Leider habe ich das Problem, dass ich nicht wieß, welche Kernel-Module ich einkompilieren muss. Konkret habe ich das Problem, dass der Kernel die root-Partition nicht findet, wohl weil kein passender SATA-Treiber installiert ist. Ich habe einen AMD 780 G Chipsatz mit SB700. 

Gibt es irgendwo eine Liste, in der man nachschauen kann welche Module zu welcher Hardware passen? Also zB. für Chipsatz 780 G braucht man Realtek 8169 für Netzwerk, Intel snd_hda für die Soundkarte xy für den SATA-Treiber und so weiter.

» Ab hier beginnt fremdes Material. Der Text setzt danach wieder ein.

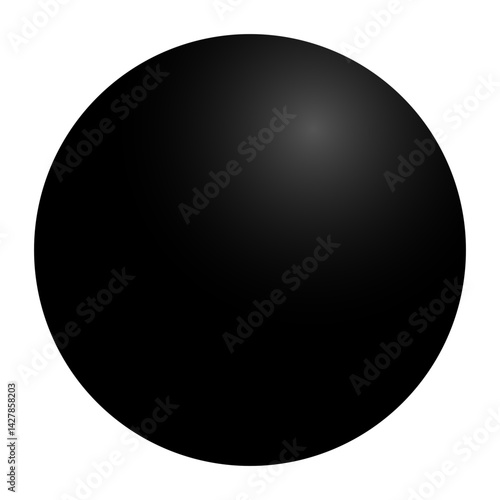 A smooth, glossy black sphere with subtle shading, appearing three-dimensional against a white background.
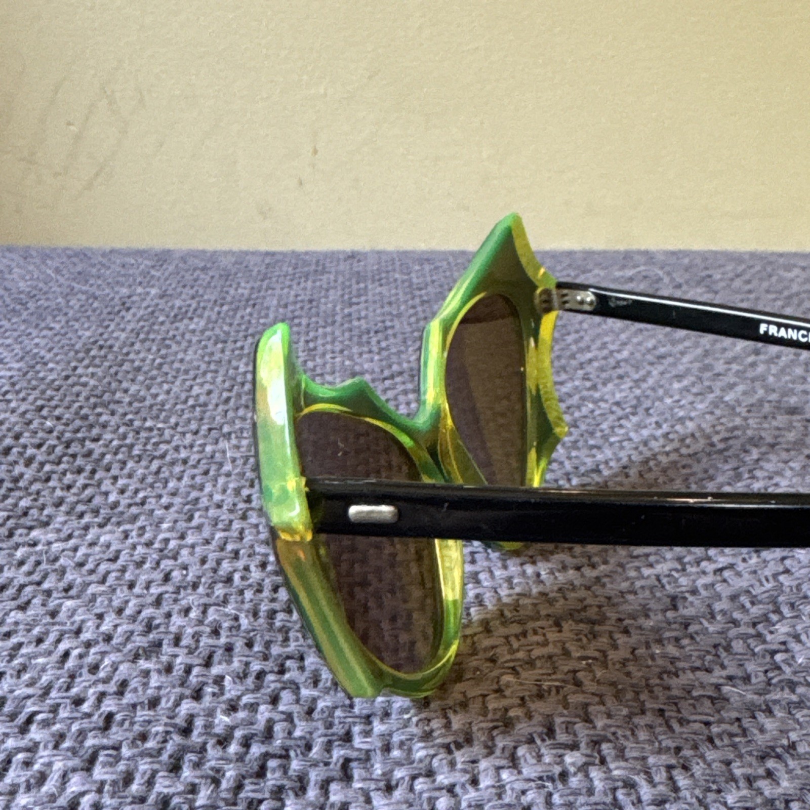 Vintage Cat Eye Sunglasses Frame Black Green Plastic France Made
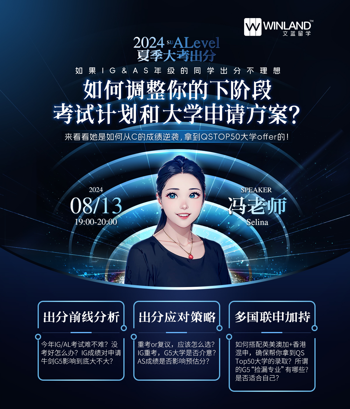 【8.13】2024 ALevel夏季大考出分,如果IG&AS年级的同学出分不理想,如何调整你的下阶段考试计划和大学申请方案?来看看她是如何从C的成绩逆袭,拿到QSTOP50大学offer的!
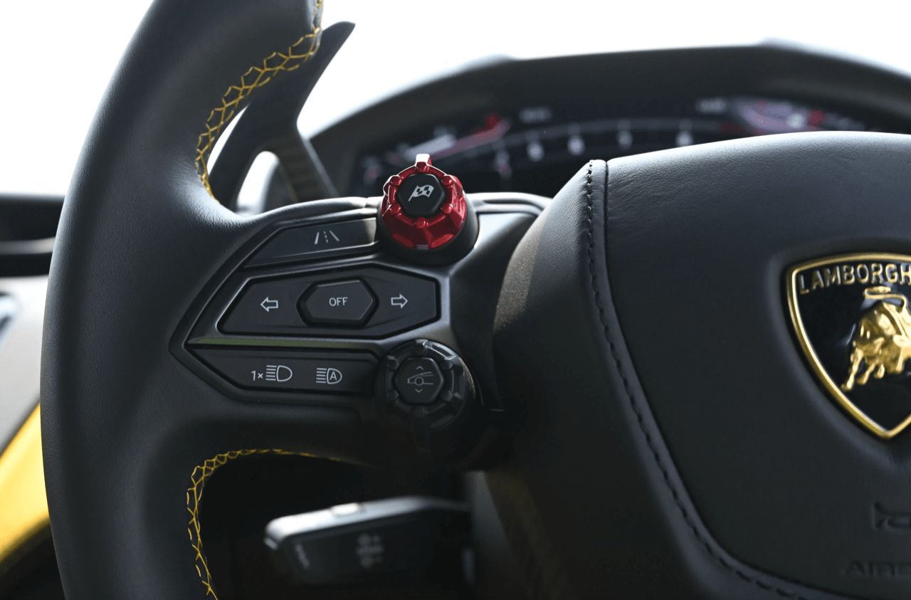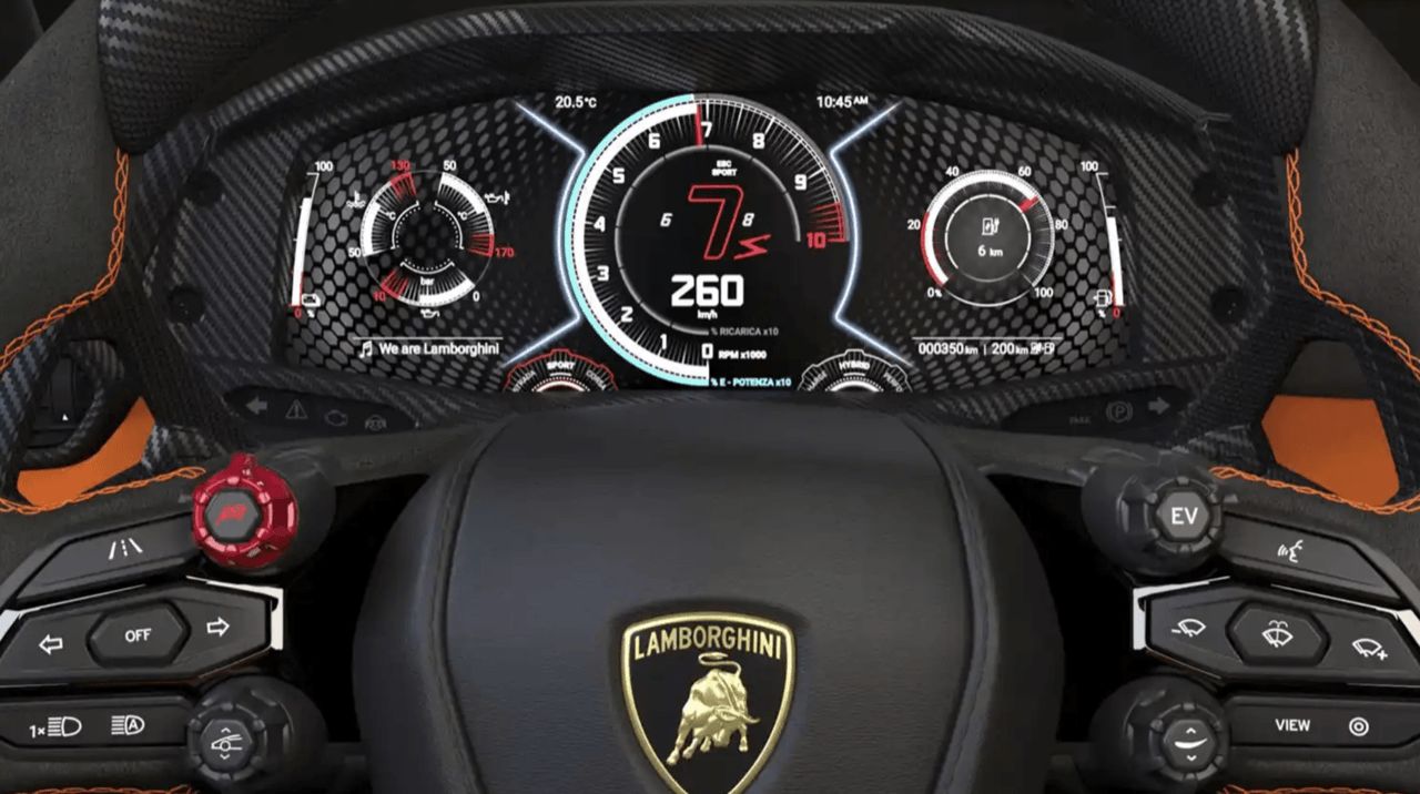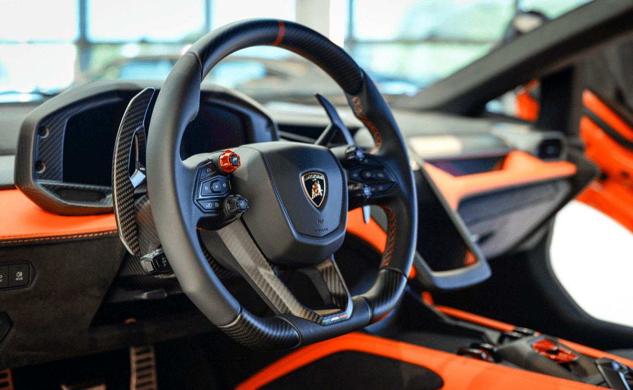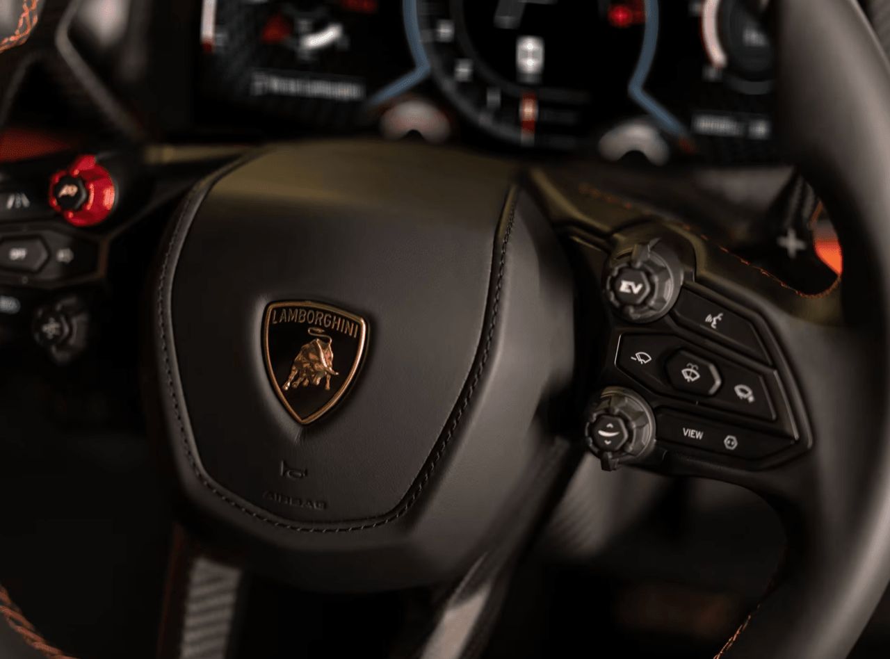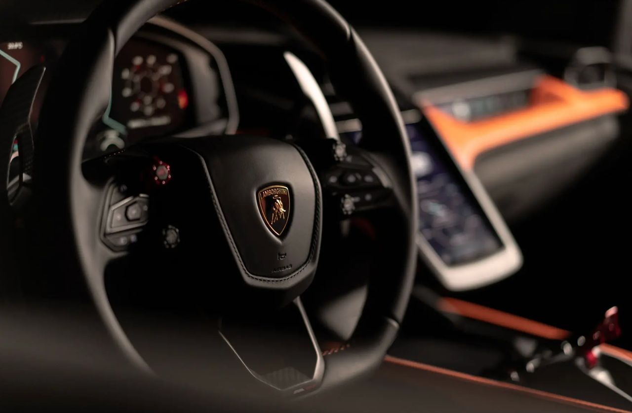 เส้นผ่าศูนย์กลาง 330 มม. มือจับที่ออกแบบตามหลักสรีรศาสตร์ จำลองรูปลักษณ์ ความรู้สึก และเค้าโครงของพวงมาลัยซูปเปอร์สปอร์ต จ ปุ่ม ลูกบิด และกลไกการตอบสนองแบบสัมผัสทุกส่วน สวิตช์หมุนที่เป็นเอกลักษณ์ ได้รับการสร้างสรรค์ขึ้นใหม่ เพื่อประสบการณ์ใช้งาน hypercar—Revuelto น้ำหนักของพวงมาลัยไฟฟ้าในโหมดปกติที่หนักกว่ารถบ้านประมาณ 2 เท่านั้นเหมาะสมกับซุปเปอร์คาร์รุ่นล่าสุดของค่ายกระทิงเปลี่ยว ระบบควบคุมเสถียรภาพ ระบบช่วยทรงตัวและกลไกไฟฟ้านับสิบรายการที่ต่อเชื่อมกับแกนประสาทของชุดบังคับเลี้ยวคอยประคับประคองรถให้อยู่กับร่องกับรอยโดยไม่ต้องออกแรงขืนกับพวงมาลัยมากจนเกินไป ความง่ายในการควบคุมของ Revuelto ถูกปรับมาให้เหมาะกับเศรษฐีขี้เบื่อที่ไม่ค่อยมีฝีไม้ลายมืออะไรมากนัก ขอเพียงแค่ขับรถเป็นและไม่เสียสติทำอะไรบ้าๆ มันจะพาคุณพุ่งไปข้างหน้าด้วยความรวดเร็วพร้อมๆ กับความสนุกสนานจากแรงจีในโค้ง พวงมาลัยที่ย่านความเร็วสูงปรับจูนให้เบาลงมานิดนึงเพื่อฟิลลิ่งการบังคับทิศทางที่ยอดเยี่ยม

Alle möglichen Treiber fix einzukompilieren erscheint mir wenig sinnvoll - da kann ich gleich den genkernel-Treiber behalten, und per Trial u. Error Verfahren dauert das ganze auch eweig.

Beste Grüße

ElisabethLast edited by ereuter on Sat Apr 04, 2009 9:41 am; edited 1 time in total

----------

## 69719

http://kmuto.jp/debian/hcl/

----------

## ereuter

Genau das habe ich gesucht

Beste Grüße

Elisabeth

----------

## manuels

 *escor wrote:*   

> http://kmuto.jp/debian/hcl/

 

Ist ganz praktisch, aber kann man damit auch die CONFIG_XXX-Option herausfinden?

----------

## 69719

 *manuels wrote:*   

>  *escor wrote:*   http://kmuto.jp/debian/hcl/ 
> 
> Ist ganz praktisch, aber kann man damit auch die CONFIG_XXX-Option herausfinden?

 

Im Kernel Menü / eintippen und dann den Treibernamen.

----------

## manuels

echt, der findet das dann auch? Praktisch.

----------